> _What is being asked_: Nothing but the lines from the one containing "根据极光大数据的调研结果,理想情况下,超过4成宅人愿意宅在家中超过一个月。" through the one containing "INIメンバー全員のヘアメイ", both included, should be given again, each exactly as written below.

> _Provided entries_:
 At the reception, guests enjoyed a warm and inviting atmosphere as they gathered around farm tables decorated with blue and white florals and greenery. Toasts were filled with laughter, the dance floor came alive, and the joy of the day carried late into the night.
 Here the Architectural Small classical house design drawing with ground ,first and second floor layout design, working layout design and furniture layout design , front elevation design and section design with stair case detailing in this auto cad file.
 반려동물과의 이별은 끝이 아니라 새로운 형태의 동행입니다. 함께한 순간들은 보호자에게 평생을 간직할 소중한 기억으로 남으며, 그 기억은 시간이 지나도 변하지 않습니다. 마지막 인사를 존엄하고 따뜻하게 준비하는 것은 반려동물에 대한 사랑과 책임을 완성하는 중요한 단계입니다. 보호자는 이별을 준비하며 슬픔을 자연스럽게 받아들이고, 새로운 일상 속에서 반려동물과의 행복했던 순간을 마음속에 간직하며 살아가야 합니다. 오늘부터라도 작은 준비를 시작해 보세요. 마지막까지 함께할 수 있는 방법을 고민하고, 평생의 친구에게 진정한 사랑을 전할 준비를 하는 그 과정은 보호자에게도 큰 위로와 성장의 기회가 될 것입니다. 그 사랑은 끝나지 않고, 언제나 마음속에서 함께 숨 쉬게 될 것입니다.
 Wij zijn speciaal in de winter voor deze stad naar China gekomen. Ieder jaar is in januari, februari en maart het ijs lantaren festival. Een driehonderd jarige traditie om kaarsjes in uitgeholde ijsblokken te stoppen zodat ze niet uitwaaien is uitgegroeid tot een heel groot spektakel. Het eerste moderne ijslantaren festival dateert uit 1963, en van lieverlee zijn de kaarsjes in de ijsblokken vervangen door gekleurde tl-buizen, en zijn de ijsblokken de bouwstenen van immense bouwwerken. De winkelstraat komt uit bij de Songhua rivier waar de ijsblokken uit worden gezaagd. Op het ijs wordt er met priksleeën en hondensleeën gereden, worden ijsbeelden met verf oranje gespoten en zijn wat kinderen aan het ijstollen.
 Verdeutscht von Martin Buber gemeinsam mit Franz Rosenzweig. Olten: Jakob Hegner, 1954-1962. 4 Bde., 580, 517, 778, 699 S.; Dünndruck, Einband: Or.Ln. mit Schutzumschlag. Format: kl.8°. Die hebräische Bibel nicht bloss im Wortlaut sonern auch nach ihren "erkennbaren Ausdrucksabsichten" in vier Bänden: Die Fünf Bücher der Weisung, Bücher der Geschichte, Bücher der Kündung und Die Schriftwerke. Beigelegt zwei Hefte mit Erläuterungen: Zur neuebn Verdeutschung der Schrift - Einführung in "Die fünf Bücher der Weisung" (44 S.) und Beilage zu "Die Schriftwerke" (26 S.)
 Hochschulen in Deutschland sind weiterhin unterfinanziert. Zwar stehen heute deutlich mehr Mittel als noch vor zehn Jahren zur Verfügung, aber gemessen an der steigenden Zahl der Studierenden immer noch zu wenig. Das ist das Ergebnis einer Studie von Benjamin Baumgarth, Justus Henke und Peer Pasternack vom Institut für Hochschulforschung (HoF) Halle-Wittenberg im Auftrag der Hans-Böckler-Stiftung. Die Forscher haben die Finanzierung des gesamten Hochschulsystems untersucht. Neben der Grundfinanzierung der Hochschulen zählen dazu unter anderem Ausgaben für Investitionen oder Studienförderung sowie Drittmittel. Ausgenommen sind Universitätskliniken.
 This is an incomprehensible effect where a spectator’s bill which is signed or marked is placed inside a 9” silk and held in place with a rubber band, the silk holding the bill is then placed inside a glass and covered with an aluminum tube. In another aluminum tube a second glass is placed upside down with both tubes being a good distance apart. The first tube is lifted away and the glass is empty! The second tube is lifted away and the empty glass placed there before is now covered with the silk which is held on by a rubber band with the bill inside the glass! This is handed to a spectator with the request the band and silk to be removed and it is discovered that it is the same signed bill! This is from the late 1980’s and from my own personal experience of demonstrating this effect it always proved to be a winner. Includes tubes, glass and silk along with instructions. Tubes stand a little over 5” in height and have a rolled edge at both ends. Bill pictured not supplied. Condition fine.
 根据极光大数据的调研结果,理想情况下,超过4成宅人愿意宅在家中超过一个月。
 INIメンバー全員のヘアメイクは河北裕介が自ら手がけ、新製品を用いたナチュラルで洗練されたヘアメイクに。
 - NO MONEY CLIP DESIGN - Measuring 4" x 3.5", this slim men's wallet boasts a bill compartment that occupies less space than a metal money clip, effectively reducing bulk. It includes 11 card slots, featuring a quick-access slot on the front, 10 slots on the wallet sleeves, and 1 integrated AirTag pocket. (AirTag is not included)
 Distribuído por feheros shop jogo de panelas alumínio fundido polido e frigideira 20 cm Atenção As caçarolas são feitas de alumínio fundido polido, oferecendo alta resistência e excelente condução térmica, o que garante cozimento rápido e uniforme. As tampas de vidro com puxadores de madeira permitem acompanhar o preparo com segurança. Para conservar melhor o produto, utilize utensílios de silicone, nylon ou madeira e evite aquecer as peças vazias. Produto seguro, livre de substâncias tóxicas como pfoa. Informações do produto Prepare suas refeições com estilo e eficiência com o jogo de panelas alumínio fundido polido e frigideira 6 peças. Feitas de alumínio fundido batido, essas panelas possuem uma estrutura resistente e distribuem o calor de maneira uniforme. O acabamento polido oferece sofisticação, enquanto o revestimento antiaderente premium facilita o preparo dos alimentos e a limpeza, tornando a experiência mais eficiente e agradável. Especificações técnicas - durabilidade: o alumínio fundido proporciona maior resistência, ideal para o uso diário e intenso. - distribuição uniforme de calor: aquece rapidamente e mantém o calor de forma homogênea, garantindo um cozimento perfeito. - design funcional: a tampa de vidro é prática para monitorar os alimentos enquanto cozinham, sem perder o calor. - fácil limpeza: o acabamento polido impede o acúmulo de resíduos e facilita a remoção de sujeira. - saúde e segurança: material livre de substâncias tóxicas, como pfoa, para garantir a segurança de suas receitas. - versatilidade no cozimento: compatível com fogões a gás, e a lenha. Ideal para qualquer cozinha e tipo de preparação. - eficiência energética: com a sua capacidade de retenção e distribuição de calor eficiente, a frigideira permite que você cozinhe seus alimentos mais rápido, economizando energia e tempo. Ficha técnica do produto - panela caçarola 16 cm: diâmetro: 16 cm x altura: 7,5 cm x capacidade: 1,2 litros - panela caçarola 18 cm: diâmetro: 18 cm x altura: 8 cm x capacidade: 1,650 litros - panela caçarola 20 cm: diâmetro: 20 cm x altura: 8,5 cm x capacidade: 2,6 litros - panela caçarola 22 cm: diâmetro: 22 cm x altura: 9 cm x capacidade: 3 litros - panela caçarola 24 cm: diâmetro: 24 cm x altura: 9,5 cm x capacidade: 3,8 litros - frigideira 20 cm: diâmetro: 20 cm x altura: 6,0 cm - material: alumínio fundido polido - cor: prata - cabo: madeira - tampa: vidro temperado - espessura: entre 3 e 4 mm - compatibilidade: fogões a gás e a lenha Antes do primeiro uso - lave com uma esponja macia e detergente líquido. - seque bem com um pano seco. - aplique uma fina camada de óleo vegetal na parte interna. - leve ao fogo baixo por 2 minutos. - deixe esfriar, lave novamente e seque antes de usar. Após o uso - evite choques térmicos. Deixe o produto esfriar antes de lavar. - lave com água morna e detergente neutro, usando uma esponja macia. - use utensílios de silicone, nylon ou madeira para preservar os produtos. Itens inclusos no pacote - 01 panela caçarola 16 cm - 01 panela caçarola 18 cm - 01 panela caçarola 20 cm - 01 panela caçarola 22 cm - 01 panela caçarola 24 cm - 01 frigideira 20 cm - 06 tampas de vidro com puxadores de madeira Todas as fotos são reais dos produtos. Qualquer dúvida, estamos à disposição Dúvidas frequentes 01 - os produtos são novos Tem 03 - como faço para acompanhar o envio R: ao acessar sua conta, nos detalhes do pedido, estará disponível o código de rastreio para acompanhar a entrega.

> _Answer area_:
 根据极光大数据的调研结果,理想情况下,超过4成宅人愿意宅在家中超过一个月。
 INIメンバー全員のヘアメイクは河北裕介が自ら手がけ、新製品を用いたナチュラルで洗練されたヘアメイクに。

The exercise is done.